There are lots of reasons to be discouraged from time to time. I go through it, too, so I won't try to talk you out of your mood. But at least be open to the possibility that it's just that: a passing mood and not a new state of being.

If I'm not mistaken, I'm older than you are. I've probably made more mistakes as well. Right now I have a good job, but that's nothing to rely on. If it's taken away I may have a harder fall than someone who hasn't gotten as addicted to a large salary and large debt.

The young will have their turn. Right now they have to share the stage with us geezers.

Seize the day!
- - Rich Accetta-Evans

 
At 7:46 AM, Blogger Lorcan said...

Well, me and me old pal, Mary Pat Shannon ... a brilliant singer who started my band with me ten years ago, have been pounding the pavements, and singing away our sorrows and playing out our joys... there is an open road in front of us, and, well, as you know Rich... there are those of us who for generations got told "move on..." and sometimes I forget that part of me that says, "so what else is new... I'm movein' ain't I? " Off to the new corners of the world they don't own yet, and new places of the heart not discovered yet...

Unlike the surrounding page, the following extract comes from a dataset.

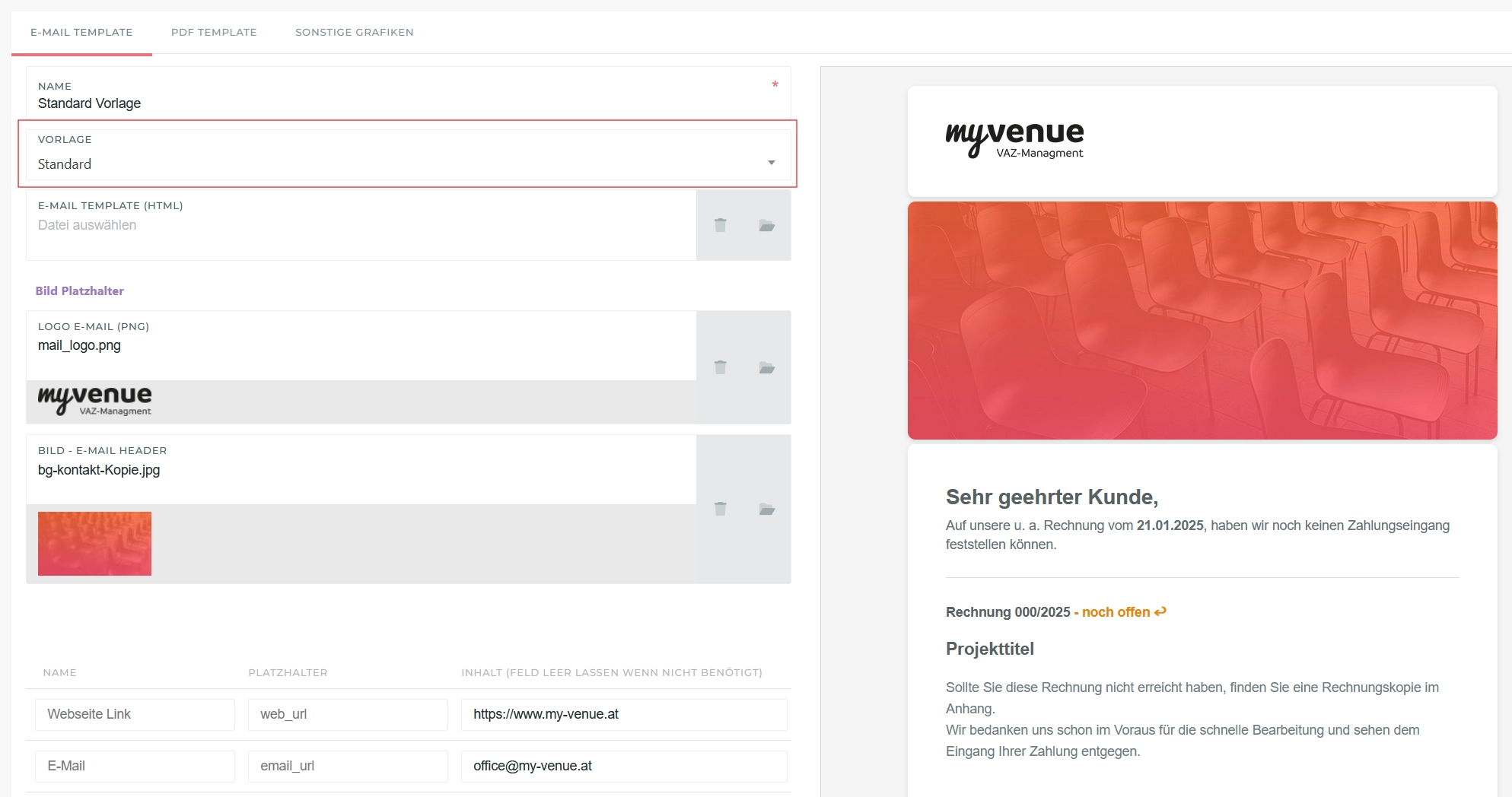 Auch unsere E-Mail-Vorlagen haben ein Update erhalten! Neben der Verbesserung der Darstellung für gängige Mailprogramme wie Outlook und Gmail, stehen Ihnen jetzt zwei neue E-Mail-Varianten zur Verfügung. Eine vereinfachte Vorlage und ein textbasiertes Template ohne grafische Inhalte. Zu finden unter Einstellungen > Templates
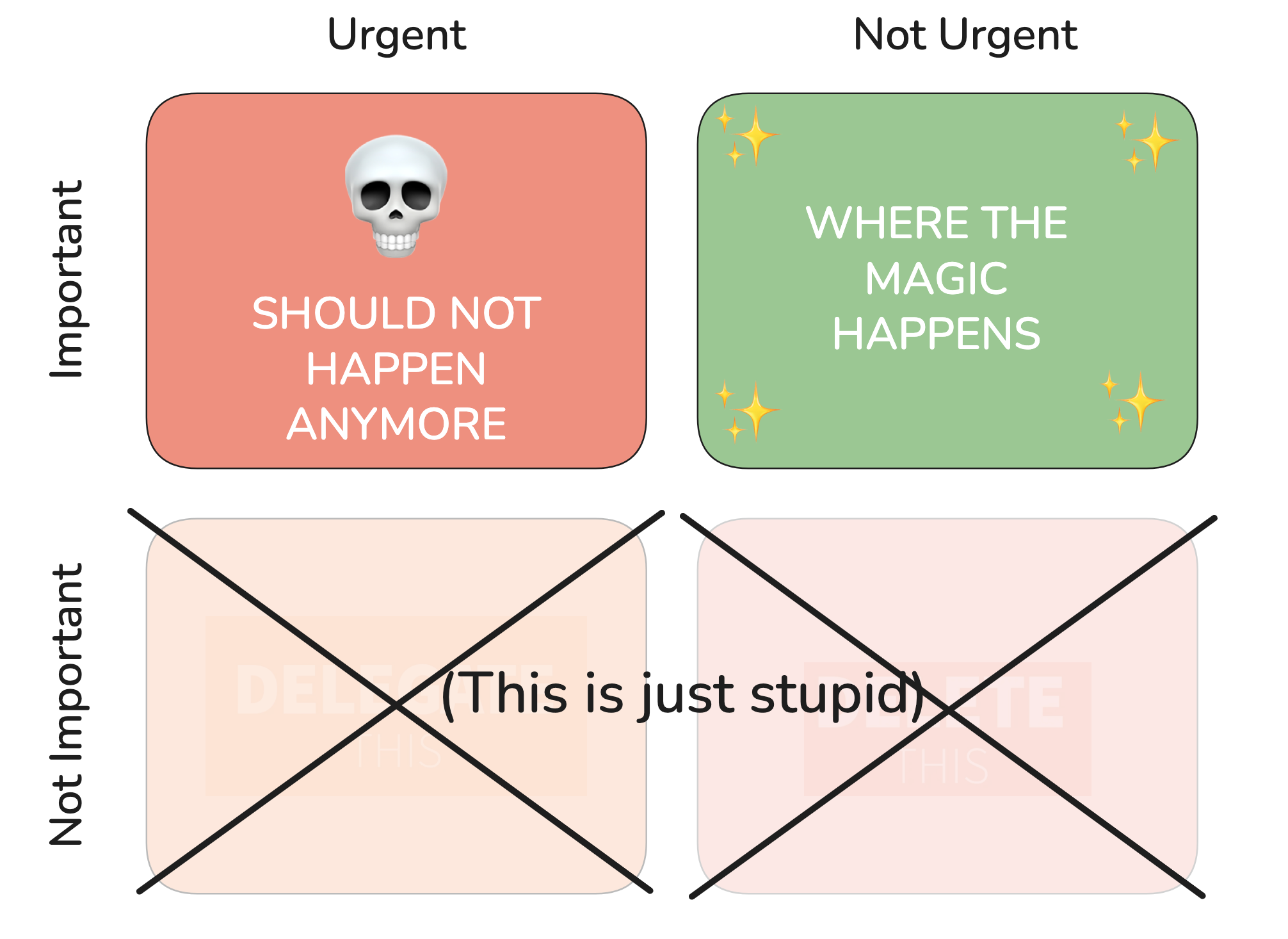 I use this Eisenhower matrix in the following way: any items that are “important and urgent” are an alarm to work on something long term (“Important, Not Urgent”). They must be resolved immediately, after all, they’re both “important AND urgent’. But this shouldn’t be taken lightly. It should be dealt with NOW, but prevented in the future.

Born in the middle of the afternoon,
in a horse drawn wagon on the old A5,
the 18 wheelers shook the bed,
ya can't stop here the policeman said,
you better get born in someplace else so
move along get along move alone get along, go ... move... shift.

Freedom happens when there is no place for you sometimes.

:)

(thanks Euan McColl for the song above... )

 
At 10:47 AM, Blogger Lorcan said...

By monday I will write about us being run out of the park, after playing there some 30 years or so... life in the new america.

the old ways are finished
the way of the Traveller's over
there's a by law to say you must be on yer way
and another to say you can't wander...

lor

 
At 3:16 PM, Blogger Larry Clayton said...

You wrote: "religion is for the young. I have a spiritual path called Quakerism. I once had a religion"

No, Lor, I am 79, and I have a religion that informs and glorifies my life. You, too, have a religion, which has informed your life through the years.

I have been reading your blog. Your posts are impressive. You have held up faith in the midst of hardship. Don't falter, write the good, positive posts, and you will feel better.

You have a lot to be thankful for as well as some hard times. You are alive, and your life is a gift-- to you and to many others. I'll see you some day, ole buddy.